声を荒げている訳ではないのに、兄の言葉は的確に痛いところを突いて、モリス様は萎縮している。それでも言われっぱなしは嫌だったようで、彼は何とか反論しようとした。
「婚約解消は、そちらが約束を反故にしたからだ!」
「約束?」
嫌な話になってきたなあ、とは思ったけれど、口を挟むこともできない。兄には聞かせたくなかったんだけど。
「俺が彼女と婚約したのは、侯爵家を継ぐ彼女に婿入りすることになっていたからだ!正当な後継者である貴方が見つかったのだから、解消もやむを得ないだろう?!」
「俺のせいだったんだな」
ピアニー嬢を送り届け帰宅した兄は、私を見つけるなりそう言った。
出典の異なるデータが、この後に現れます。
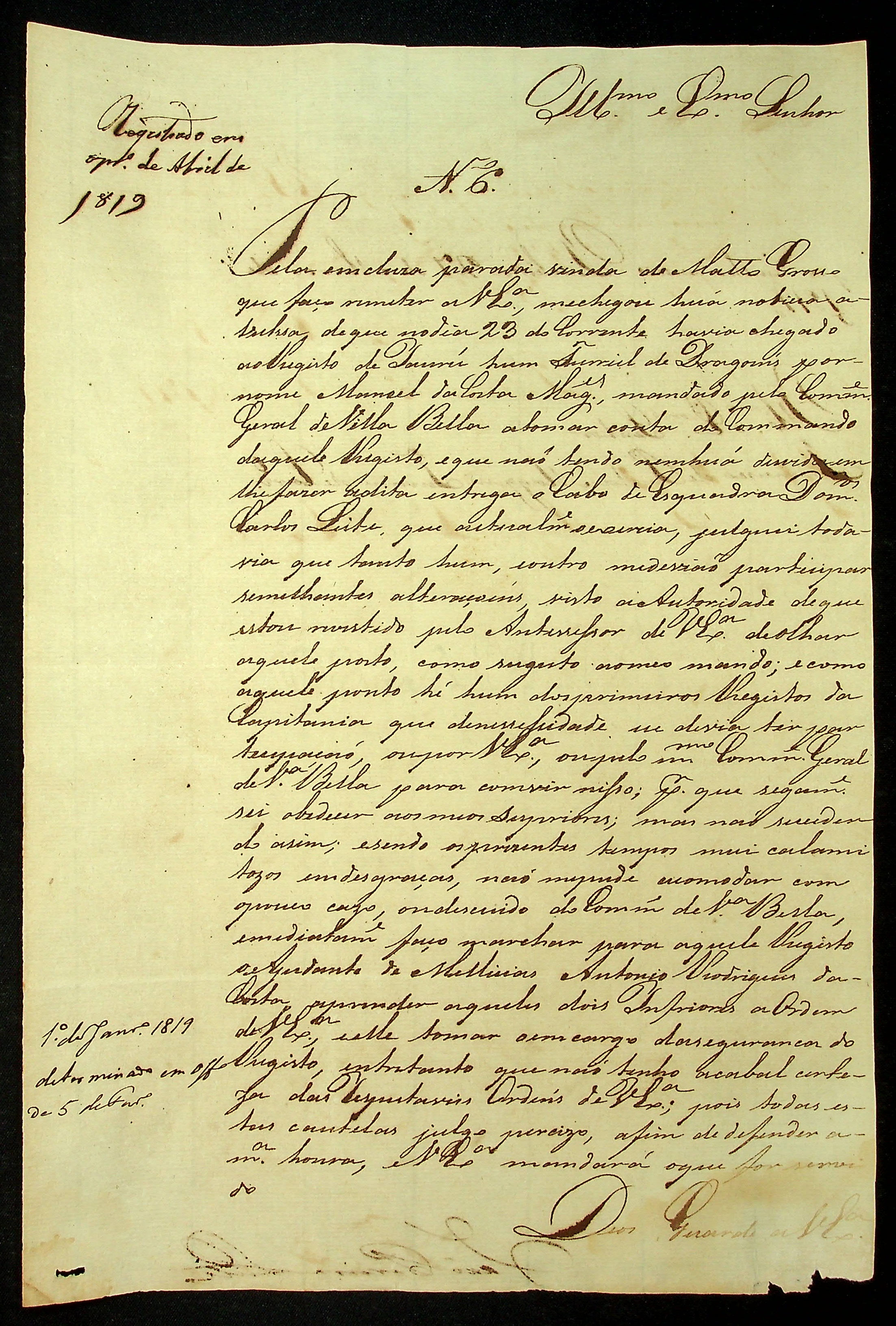 CARTA de João Pereira Leite ao [Governador e Capitão General da Capitania de Mato Grosso] Francisco de Paula Magessi Tavares de Carvalho.
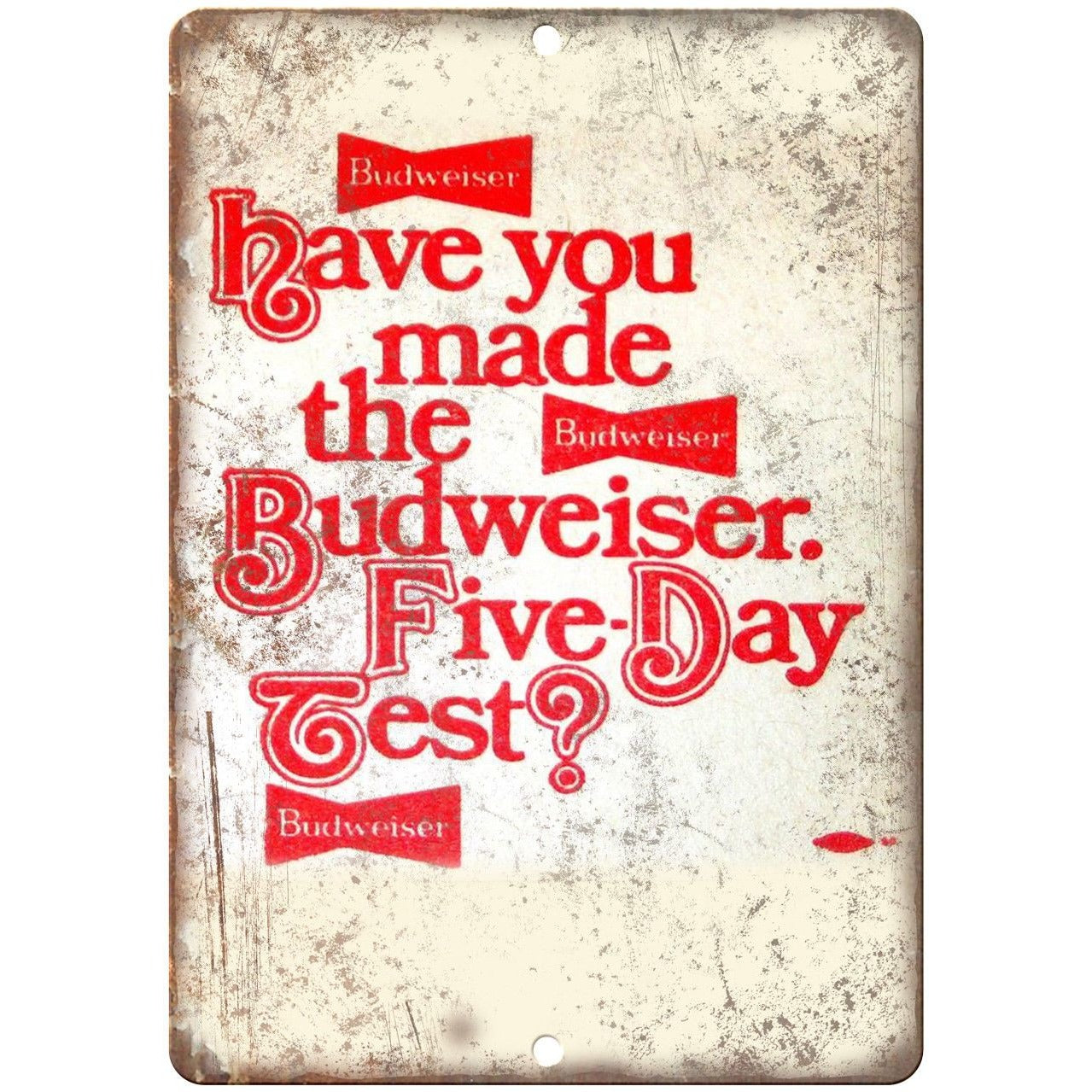 Budweiser Five Day Test Vintage Ad 9" x 12" Reproduction Metal Sign E168

その言葉の意味を汲み取り、続く言葉を言わせないために頭を振る。
「お兄様のせいではありません。いずれ、こうなることは」
「俺が見つからなければ、お前は侯爵家を継ぐことができた!」
言わせたくなかったのに、私の言葉を遮るようにして兄は叫んだ。
「お前が幼い頃からしてきた跡継ぎとしての勉強も無駄にならなかったし、婚約を解消されることもなかった! 俺がこの家に帰って来なければ」
「お兄様っ!」
今度は私が兄の言葉を遮った。固く握られた拳を手に取り、俯く顔を下から覗き込んで視線を合わせる。
「馬鹿なことを言わないでください。お兄様の帰りをどれだけ多くの人が、どれだけ長い間、どれだけの想いで、待っていたと思っているんですか? お父様とお母様の喜び様を、お兄様はお忘れになったのですか?」
「だからって、お前だけが割を食うなんて」
ぶつかる瞳の中にはいつものように輝く星は見えない。それがとても悲しくて、私は言葉を重ねる。
「私が損をしているなんて、勝手に決めつけないでください。こうなって良かったのです。だって、あんな男が私の夫となって侯爵家に婿入りしてくることになっていたなんて、冗談としても笑えないですわ」
「……あの男と結婚したかったのではないのか?」
「そもそも侯爵家として必要だから決められた婚約者、としか思っておりませんでしたが、あそこまで礼儀知らずで頭も悪いとは思っておりませんでした。分かっていたら、お父様たちも彼を侯爵家の婿になんて考えなかったでしょう」
うまく猫を被っていたみたいですけどね、と溜息混じりに言うと、
「俺が言うのもなんだが、けっこうモテそうな男のようだったが」
と、暗かった表情を何となく情けない表情に替えた兄が言う。思わず笑みが溢れた。
「ふふ、素敵過ぎるお兄様に慣れてしまって、大抵の男性には心が動かなくなってしまいましたわ」
顔を瞬時に赤くさせた兄は目を逸らしたが、その瞳には僅かに光が戻っていた。
「私、本当にお兄様が戻って来られて嬉しいのです。信じてもらえませんか?」
「……俺も、お前に出会えて、嬉しい。……ありがとう」
力が込められていた拳は解かれ、手を握り返される。私たちは本当の血を分けた兄妹のように笑い合った。